Famous Criminals’ Last Words

Some people say crazy things moments before they are executed. The most famous and bizarre last words of criminals who face their own appointment with the Grim Reaper.

Famous Criminals' Last Words
Famous Criminals’ Last Words

Ted Bundy

On the night before Ted Bundy was executed, he spent most of his time crying and praying. On January 24, 1989, at 7 a.m. Bundy was strapped into the electric chair at Starke State prison in Florida. If I may have your attention for a moment, I’d like to say a few things:

“Jim and Fred, I’d like you to give my love to my family and friends.”

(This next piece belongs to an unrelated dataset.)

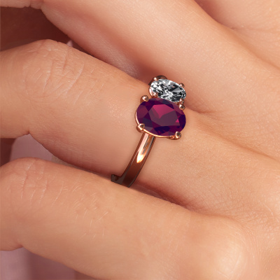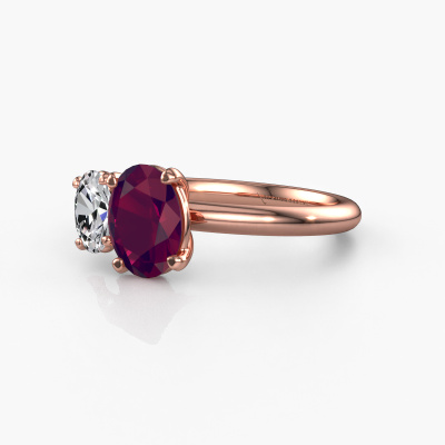 This 14 Carat rose gold ring is called Toi et Moi OVL-OVL and is set with rhodolite. How would you describe the style of the love of your life? Does she have a unique sense of style? This stunning sublime rose gold engagement ring can be custom-made to your own or her liking. Our rhodolite gemstones have been carefully selected because we believe your modern engagement ring must be adorned with nothing but the most beautiful gemstone. Don't you agree? This jewel is made by a team of passionate goldsmiths and jewel designers. This will make your crown jewel truly eye-catching.After receiving your order, our goldsmiths will start the creative process of making your Toi et Moi OVL-OVL engagement ring. We don't keep stock. This is advantageous because these costs will not be passed on to you. Therefore, we can offer jewellery at exceptionally low prices.Different styles of new rings are made daily by our team. Perhaps you have found a 2 stone engagement ring somewhere. One you would like to give to your loved one. Please feel free to share your thoughts and design with our jewel designers. We would love to turn your design into a modern engagement ring. You can follow the development of your ring design because we use very detailed 3D drawings. On top of that, you can order a dummy of the design. A dummy is a plastic ring, which can be shaped according your ring design. You can try it on and check if the engagement ring is up to standard. We will gladly send you a non-binding offer, based on a fair price/ quality ratio. The offer will baffle you, considering the quality of the ring and gemstones.To make it easier for you, we offer a 30 day return policy. Check our terms and conditions.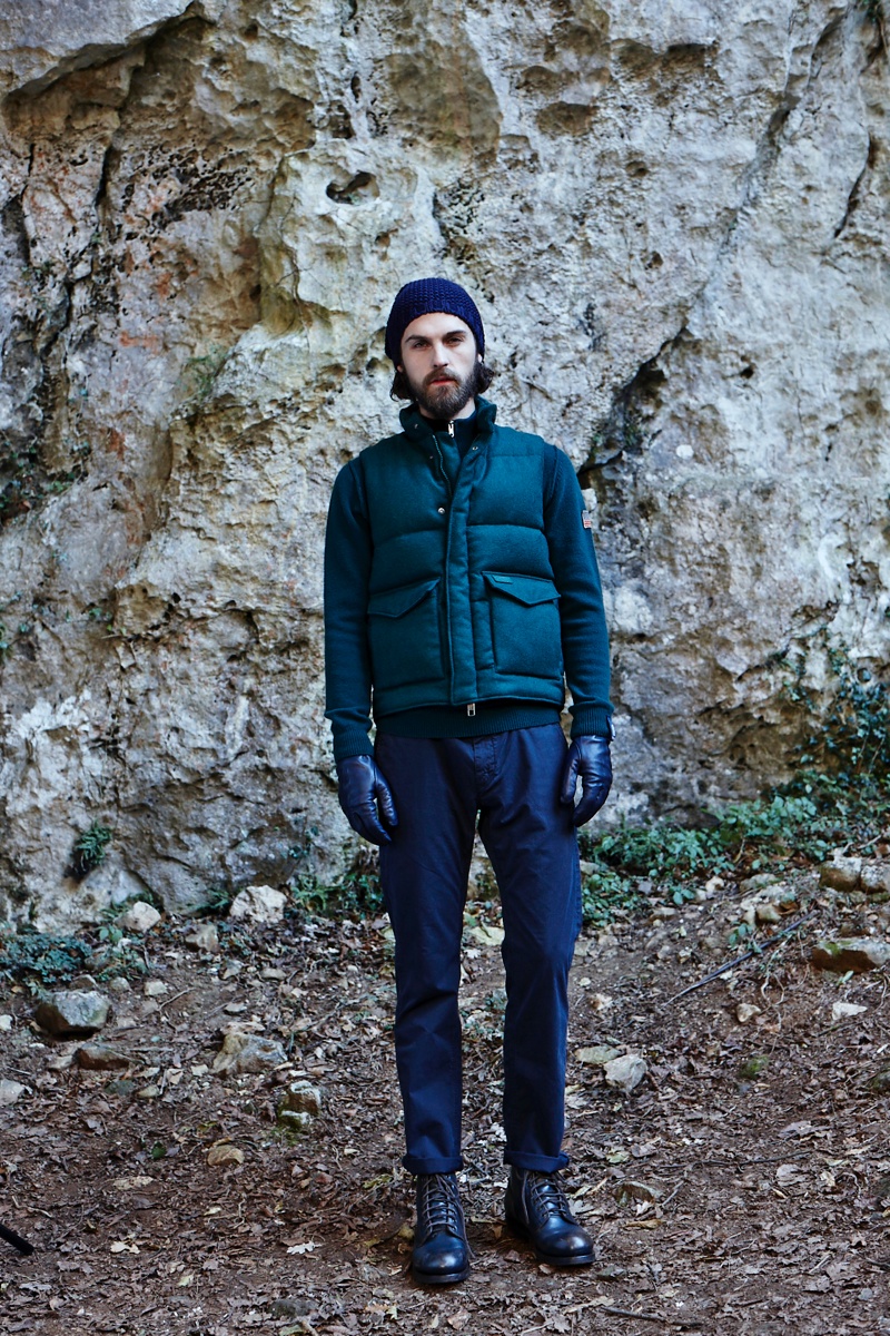Woolrich John Rich & Bros. Fall/Winter 2014–Boasting parkas and quilted outerwear, Woolrich John Rich & Bros’ fall/winter 2014 collection provides a stylish take on utilitarian pieces, ideal for the great outdoors. Offering an optimal color palette for fall and winter, inspiration for the range is taken from wood and wool, resulting in camouflage prints, earthy hues and shades of blue. Alongside numerous vests and sweaters are anoraks, water-repellent nylon blazers and lightweight down. Rounding out a collection that includes their iconic Arctic parka, Woolrich John Rich & Bros. collaborates with Tuscan shoemaker Buttero for Italian-made sneakers featuring Woolrich fabric and a Teflon treatment.

He was speaking to his lawyer, Jim Coleman, and to Fred Lawrence, a Methodist minister who prayed with him that night. Serial killer Theodore Robert Bundy (born November 24, 1946. killed a confessed 30 women between 1974 and 1979 in Washington, Utah, Colorado, and Florida. Bundy’s victims were killed and it’s believed that he could have had more if not for the help of law enforcement. There are some estimates about the number of Bundy’s victims but it’s unclear.

John Wayne Gacy

Convicted serial rapist and murderer John Wayne Gacy was executed by lethal injection at the Stateville Penitentiary in Illinois. At midnight on May 10th, 1994, he breathed his last. I’d just like to say that my first and only real wish is that I can get a lot more people to learn about my case.

“Kiss my ass.”

John Wayne Gacy (March 17, 1942–May 10, 1994. killed 33 people during a 20-year period. His method of killing involved drugging the men and drowning them. People know him as the “Killer Clown,” thanks to his frequent appearances at social events where he donned a clown suit and full face makeup, and he’s even written a book about it called.

Timothy McVeigh 

Convicted terrorist Timothy McVeigh had no final words prior to being executed by lethal injection on June 11, 2001, in Indiana. After killing federal agents, Timothy McVeigh left a handwritten note that quoted a poem by British poet, William Ernest Henley. The poem ends with the lines:

“I am the master of my fate: I am the captain of my soul.”

Timothy McVeigh is the Oklahoma City bomber. His motive was to get revenge for the US government’s failure to find the perpetrators of the bombing of the Murrah Federal Building that took 168 lives, including 19 children. A jury found Timothy McVeigh guilty of executing the deadliest terrorist attack in U.S. history. He was sentenced to death and executed.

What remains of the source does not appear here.